I’m shutting down my laptop, and going to the NightLight building where I am going to give some of the NightLight guitar players an hour or two of free guitar lessons. As I look out the window of Starbuck’s and here walks a man that has got to be seventy. He’s an Anglo. He walks, slight bent over. He’s holding hands with a Thai girl who look like she is all of fifteen. This, simply, cannot be right or good or human. And one day this, too, shall be made right.
November 19, 2009
Monroe
I am home from an incredible week in Bangkok, We left our Bangkok hotel at 3 AM Thursday (3 PM Wed. EST). 25 hours later we touched down in Detroit. It’s good to be home with Linda and my son Josh!
I will be thinking about my trip for many days, and seeking God as to things he wants me to know and do. Here are some final thoughts, given from a reclining position in my bedroom at home, where jet lag is kicking in big-time.

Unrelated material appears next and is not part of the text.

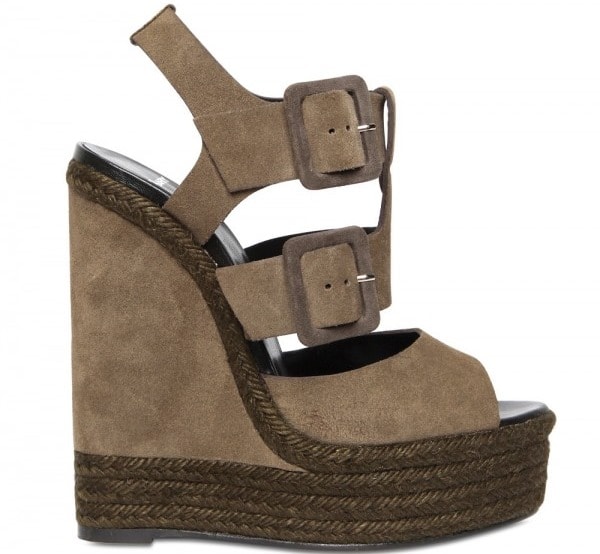 Pierre Hardy Suede Buckled Sandal Wedges in Grey, $630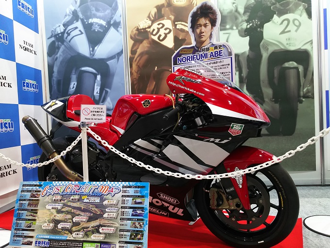 エビスサーキットさんのブースには、Norick(阿部典史選手)が2003年にMotoGPに参戦した際のマシン『YZR-M1』が展示されていました。

On Wednesday I borrowed a guitar and taught an hour guitar lesson to a couple of Thai pastors and three women, two of whom were exploited in prostitution (given by myself, an ex-slave to drugs, alcohol, and sex). I cannot speak or understand Thai, and my guitar students cannot speak or understand English. Still I was able to communicate to them by demonstrating things on the guitar. These three women who have been rescued out of prostitution are now worship leaders in this Thai church. There were a few times during the lesson that I began to cry. One of them was when I taught them an alternative chordal way to play Chris Tomlin’s “How Great Is Our God.” They were all intrigued by what I was showing them. They wanted so much to learn this new way of playing their instruments. After showing them the chords I then played and sang the song. They began singing with me, in Thai. The guitar lesson had morphed into full-blown worship. I could have melted to the floor in tears and joy and worship. Part of what was going on inside of me was the remembrance of my own ongoing release from bondage and darkness. I’m a slave set free and being set free, worshiping with these two men-servants of Jesus and the three girls who may have been trafficked to Bangkok from Northeast Thailand. This was real worship in real community. Real Jesus-Community is not a fellowship of the “perfect” who then waste their God-time on earth judging the rest of us. Real Jesus-Community is a bunch of slobs, loved by God, redeemed and working out their salvation in fear and trembling, obedience and worship.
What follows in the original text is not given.